On Jun 24, 2014, at 4:55 PM, John Webber (NBI) wrote:

> Hi Roger (et al)

Hi John,

> Sorry for the delay in coming back to you on this this issue - I have been trying some other testing to see if I can narrow down the issue.
> ...
> With Omero 5, using both ive 3.4 and ice3.5 I see the core dumps, as reported previously.  With the other versions of Omero I do not see the core dump.  

Thanks for the detailed analysis. Unfortunately, everyone on the team is still quite perplexed.

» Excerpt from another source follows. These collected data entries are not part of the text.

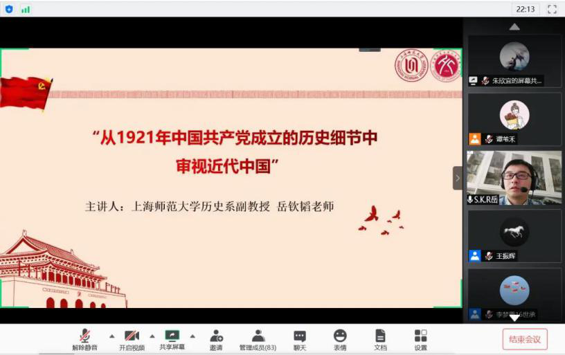 分享会首先由岳钦韬老师带来“从1921年中国共产党成立的历史细节中审视近代中国”主题分享,岳老师认为,关于党史的学习要以全面、客观的历史观重新探寻和思考那些被忽视的历史细节,真正理解中国共产党的历史任务和成立原因——领导国家和人民走向更成熟、更光明的前景。“历史就是历史,历史不能任意选择,一个民族的历史是一个民族安身立命的基础。”回顾中国共产党的创建,必须把视野放到更长远的历史中去,透过风云变幻和波澜壮阔,看清历史的趋势,明晰历史的必然。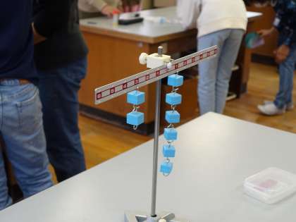 実験用てこのうでが水平になってつり合うときは,どのようなきまりがあるのか,結果を基に話し合いました。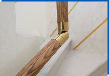 Можно установить деревянный поручень из дуба или бука. В целях экономии дерево можно заменить на пластик, имитирующий дерево или одноцветный. Пластиковый поручень также применяется для радиусных перил. Для стекла, кроме вышеперечисленного, применяется еще и П-образная планка.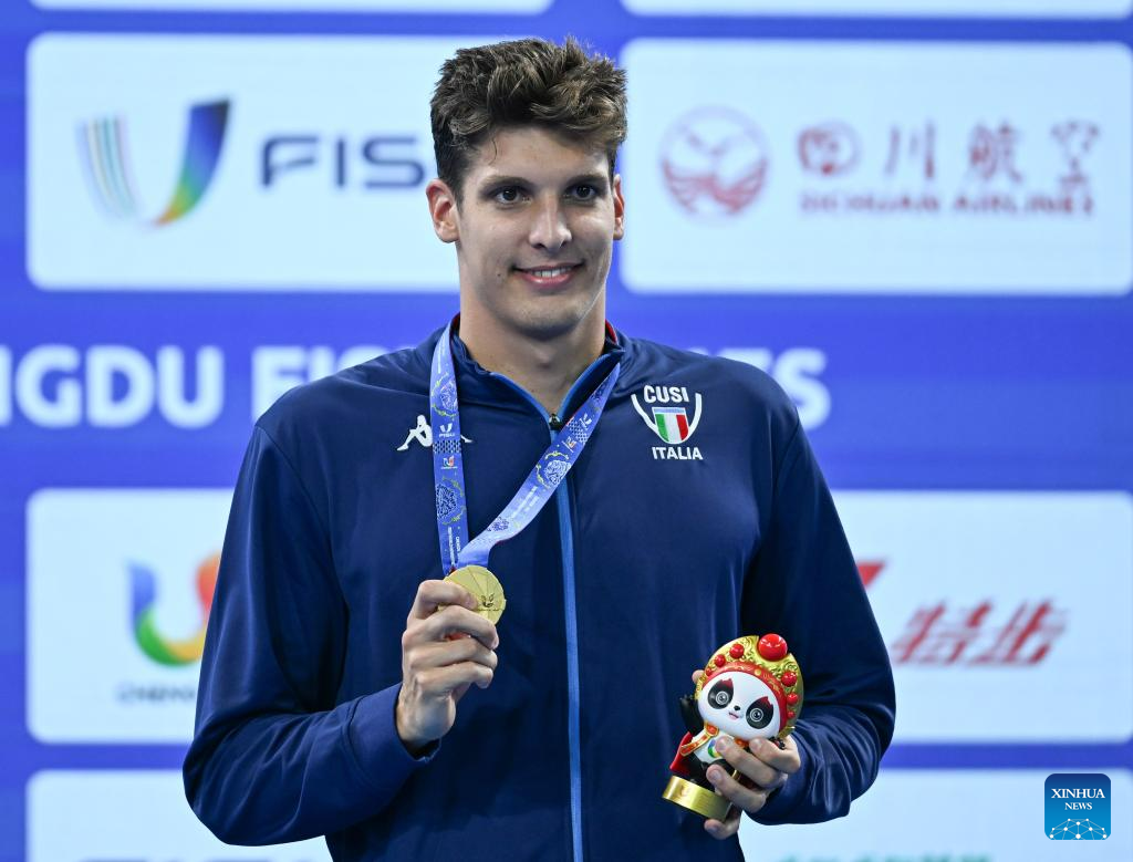 Gold medalist Matteo Lamberti of Italy celebrates during the awarding ceremony of the Men's 400m Freestyle of swimming at the 31st FISU Summer World University Games in Chengdu, southwest China's Sichuan Province, Aug. 1, 2023. (Xinhua/Zhang Long)

> I have kept ALL other components the same, but only see these core dumps with Omero 5.
> 
> I have attached to this email the following log files, which contain additional information which was produced when code dumped:

Is it just the one system or do you have other systems with a similar configuration that you could try? Do you have an installation script or a VM-like image that we might could try to reproduce with?


> As stated, exactly the same test data was used, on the same server, with all other versions remaining the same, but I did not see the core dumps.  The core dumps do not always occur on the same upload, but normally do occur after just a few uploads.
> 
> For the versions of Omero that do not core dump, I am seeing some a-hoc issues as well:  sometimes (again seemingly randomly and not always for the same upload), I see a "NonZeroReturnCode" from the Onero CLI with the error "assert failed".  This appears to happen much more frequently when testing with Ice version of 3.5.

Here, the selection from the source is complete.